Le niveau d’équipements publics est correct, on y trouve notamment un très beau gymnase, une MJC, une bibliothèque, une crèche.

L’impression se dégage d’une certaine distance et d’une certaine différence avec le centre ville.

Le boulevard urbain

Le boulevard urbain permettra :

1) d’écouler le trafic interne à Annemasse plus commodément que par le centre,

2) de relier et non de séparer, les quartiers entre eux, et notamment le sud au centre.

Sur le principe il est nécessaire.

Sa conception actuelle répond au double impératif.
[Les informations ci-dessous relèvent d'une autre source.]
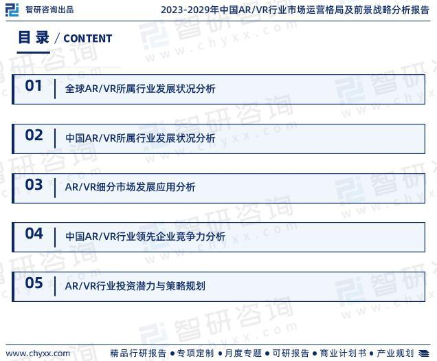 中国AR/VR行业市场运营格局及前景战略分析报告是智研咨询重要成果,是智研咨询引领行业变革、寄情行业、践行使命的有力体现,更是AR/VR领域从业者把脉行业不可或缺的重要工具。智研咨询已经形成一套完整、立体的智库体系,多年来服务政府、企业、金融机构等,提供科技、咨询、教育、生态、资本等服务。

En revanche, il demeure une question qui est celle des systèmes de régulation des flux, et du choix entre un mode par feux ou un mode par rond point.

Les feux répondent à l’idée du « bouclier », alors que le rond-point, aux intersections et notamment à la principale, permettrait une meilleure fluidité.

Être contre le boulevard urbain est une erreur.

Nous sommes en sa faveur, parce que c’est le bon sens. Parce qu’il rendra à la ville un immense service. Parce qu’il permettra en outre l’aménagement d’espaces verts, parce qu’il désengorgera une partie du trafic.